(Task material)

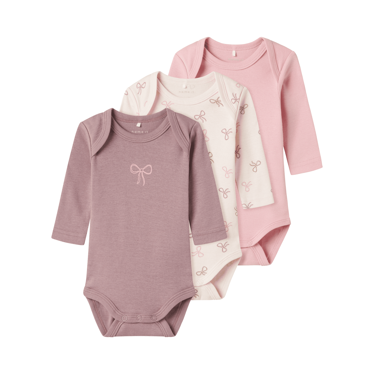 Dieses süße 3er Set Langarmbodys von name it hat funktionelle Druckknopfverschlüsse, die das Wickeln und Anziehen erleichtern. Die Bodys kommen mit einem entzückenden, niedlichen Design daher.
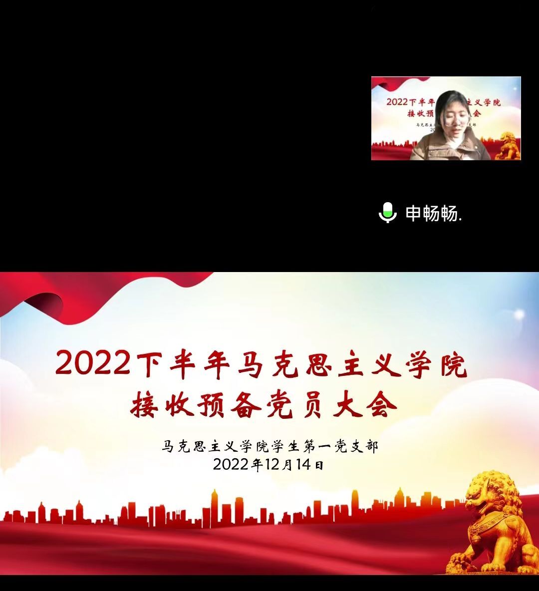 中共信阳师范学院pp电子官方网站学生第一党支部委员会于2022年12月14日在腾讯会议召开了2022年下半年接收预备党员支部大会。pp电子官网学生第一党支部书记高小佳,学生第一党支部全体党员,预备党员和党员发展对象共同参加此次会议。会议由卢茜雨主持。
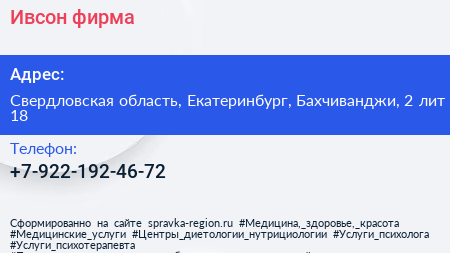 Ивсон, фирма по адресу Свердловская область, Екатеринбург, Бахчиванджи, 2 лит 18 в дальнейшем Организация, размещена в следующих категориях:
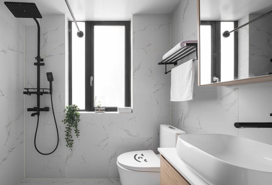 卫生门用的是窄框推拉门+长虹玻璃。置物架用来放衣服毛巾都很方便,好放好拿。
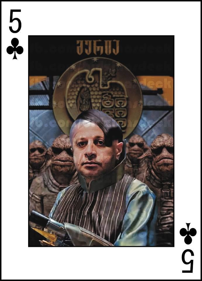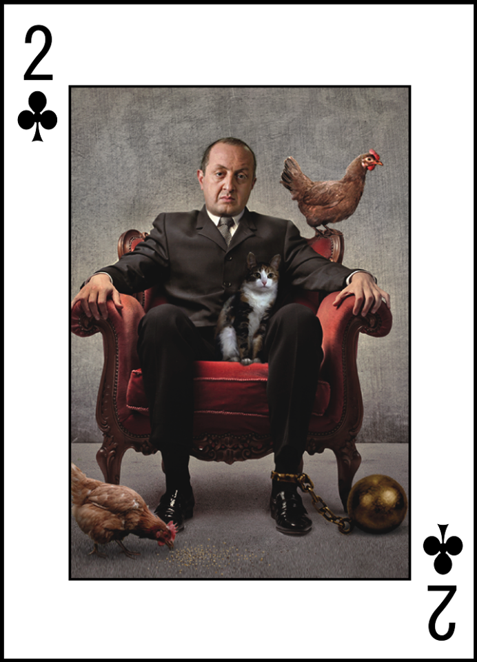 - ამ საკითხზე ვიდრე საბოლოოდ ჩამოვყალიბდებოდით, ბევრი ვიდავეთ. საბოლოოდ, მცირე კენჭისყრის მსგავსი ჩავატარეთ მასტების გამოსავლენად, რამაც შედეგი გამოიღო. თავიდანვე შევჯერდით მთავარზე: არავითარი პირადი ხასიათის მინიშნებები ან სექსუალური ნიშნის ფოტოკოლაჟი - ადამიანის უფლებების დაცვა ჩვენი პრიორიტეტია. ამიტომაც პერსონაჟების ფოტოკოლაჟში ვერ ნახავთ მინიშნებას პირად ცხოვრებაზე - გამონაკლისი მხოლოდ ნათესაური კავშირია. მაგალითად, ექსკლუზიურად გეტყვით, რომ ერთერთი ნახატის მიხედვით მეფეზე, გამოსახულია მამის ყელზე ჩამოკონწიალებული ქალიშვილი - ზრდასრულ ქალიშვილზე ვამბობ, რასაკვირველია. მგონი, ძნელი მისახვედრი არაა, ვინ იქნება ამ კარტზე. ხადურის ხსენებაზე ბევრს გაახსენდება ციკანი, ჰოდა, კარტზეც ციკანია, ზედაც - ჩანგალი პიჯაკის გარე ჯიბეში. რა შეიძლება გაგახსენდეს შიხიაშვილზე - ალბათ, ვირთხა. ჰოდა, ეგეც ადგილზეა...
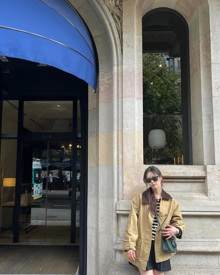 스페인 여행 중이었던 고아라는 컬러 배색의 클래식한 워크 재킷 디자인을 착용했어요. 베이지 컬러에서 빈티지한 무드도 느껴집니다. 여유로운 핏 덕분에 옷을 여러 겹 레이어드할 수 있어 실용적이기도 해요. 고아라는 스트라이프 가디건과 블랙 플리츠 미니스커트로 미니멀하면서도 발랄한 룩을 연출했어요.
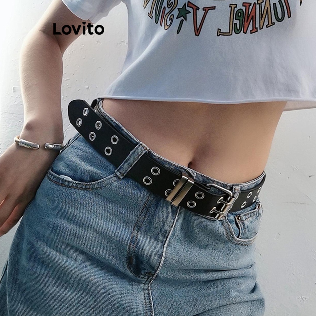 Lovito Thắt lưng nữ thường ngày bằng kim loại cơ bản l60ad099 (Kaki/Nâu/Đen)
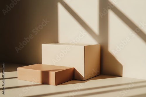 © NUR ISLAM STORE, Fototapeta premium Geometric product display, minimalist podiums with light, shadows.

(End Task material)

- The task:
Restate word for word only the lines from where the entries begin through the one with "卫生门用的是窄框推拉门+长虹玻璃。置物架用来放衣服毛巾都很方便,好放好拿。"; omit the pictures.

- Task solution:
 Dieses süße 3er Set Langarmbodys von name it hat funktionelle Druckknopfverschlüsse, die das Wickeln und Anziehen erleichtern. Die Bodys kommen mit einem entzückenden, niedlichen Design daher.
 中共信阳师范学院pp电子官方网站学生第一党支部委员会于2022年12月14日在腾讯会议召开了2022年下半年接收预备党员支部大会。pp电子官网学生第一党支部书记高小佳,学生第一党支部全体党员,预备党员和党员发展对象共同参加此次会议。会议由卢茜雨主持。
 Ивсон, фирма по адресу Свердловская область, Екатеринбург, Бахчиванджи, 2 лит 18 в дальнейшем Организация, размещена в следующих категориях:
 卫生门用的是窄框推拉门+长虹玻璃。置物架用来放衣服毛巾都很方便,好放好拿。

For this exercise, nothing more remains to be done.